In CloudAEye SaaS, customer may create one or more backing stores for logs and metrics service. For an example, refer to Create a Logs Service to learn more. The collected logs and metrics data is stored in such a seperate dedicated instance. This ensures data isolation and no single point of failures.

CloudAEye Traces Analyzer supports AWS X-Ray and can automatically detect anomalies. The collected trace data is stored in seperate stores.


User is given access to dashboards for viewing and management of application data and analysis. For an example, refer to View Logs to learn more.


CloudAEye SaaS uses the API-first approach with a micro-services architecture. All services are backed by REST APIs. All clients (ex. Console, CLI) communicates over the REST APIs.

Command-Line Interface (CLI)

CloudAEye (caeops) is a command-line interface for power users. Refer to CLI Reference Guide to learn more.

Data Pipelines

Data pipeline provides continuous access to logs, metrics and traces to AI/ML models for analysis.

Anomaly Detection

The AI-powered services analyzes logs, metrics and traces data and detects and automatically surfaces anomalous customer services. For an example, refer to View Logs Anomaly to learn more.

Root-cause Analysis

The AI models provides all contextual informaton and root-cause analystis to reduce MTTR (mean time to repair).

AEye Assistant

This provides a conversational generative AI interface to make observability human-readable. One can use natural langueage queries to their observability data. Refer to AEye Assistant for more details.

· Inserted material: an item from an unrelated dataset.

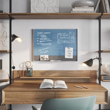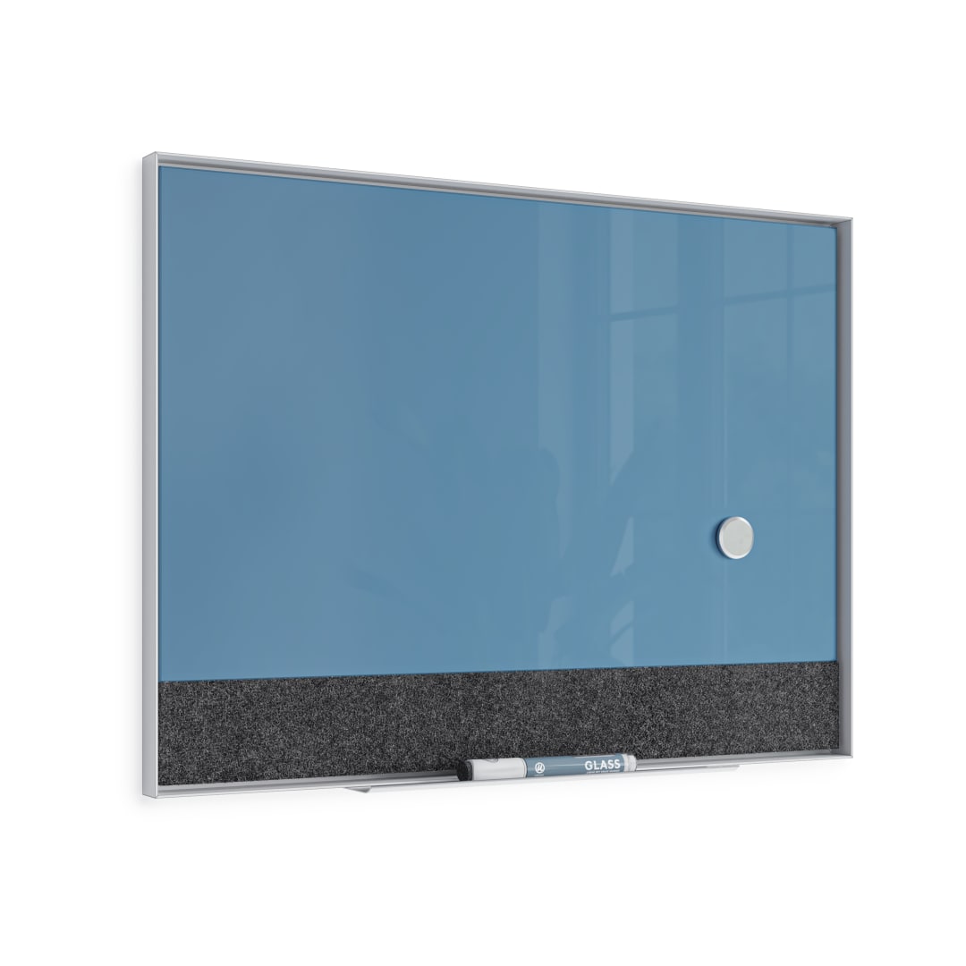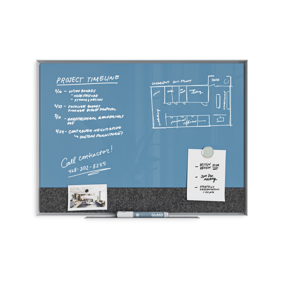 Marketing Long Copy This blue magnetic glass dry-erase board is a perfect and functional solution for the frequent and heavy usage areas of your office, school classroom, home or any commercial space. Durable white aluminum frame adds a clean modern touch to any room setting. The board's premium ultimate glass writing surface will never stain or ghost. Built in felt strip enables you to pin important notes and pictures. All ink erases easily with a simple eraser and the glass surface continuously outperforms all traditional melamine or painted steel dry-erase writing surfaces. Occasionally, use any dry-erase board spray or wet dry-erase board wipes after continuous use to clean the writing surface. Although all dry-erase and glass markers work well with this board, the U Brands® dry-erase markers provide the ultimate writing and eras-ability experience. For safety, the board is made from tempered glass as well. This whiteboard board has a universal mounting system, as it can be hung vertically or horizontally to fit your allocated space. All wall hanging hardware is hidden under the mounting bolts for a sleek and modern appearance. Mounting hardware and instructions are included for quick and easy mounting. The board is packaged with extra supportive corrugate material that is highly resistant to damage during shipping; all corrugated material can be recycled once unpacked. Features Bullets Combined - Premium tempered magnetic glass dry-erase surface never stains or ghosts. Blue glass background creates high contrast with white and bright color dry-erase or glass markers. Magnetic surface is only compatible with high energy magnets

Customer may configure and receive alerts. Refer to Alerts to learn more.


Out-of-the-box notification delivers email, SMS, Slack, AWS SNS and webhook based alerts when an incident in production is detected. Customer may configure a Notification Channels.


CloudAEye developed few plugins/apps to deliver integrations. This include Slack app for delivering notification to Slack, Jira app to deliver productivity improvements for Jira cloud service and GitHub app for delivering historical contextualization related to code change.


CloudAEye supports tiered storage and policy based management of data aging. User can store data in Hot, UltraWarm and Cold storage and can use a policy to gradually move data and eventually delete it.


Billing service provides invoices to customer and detailed information and projection of customer billing.

Key Capability

Semantic Observability

CloudAEye observability is designed to be proactive and less noisy. The SaaS services automatically analyze an anomaly and identifies what is not working. The problem is contextualized from all available data (ex. logs, metrics, traces, tickets, code changes, deployments, chats, etc.) and a hypothesis about it is generated. The automated analysis quickly identifies why a customer’s service is broken, annotates the service in a dependency graph and enables the customer to test fixes rapidly.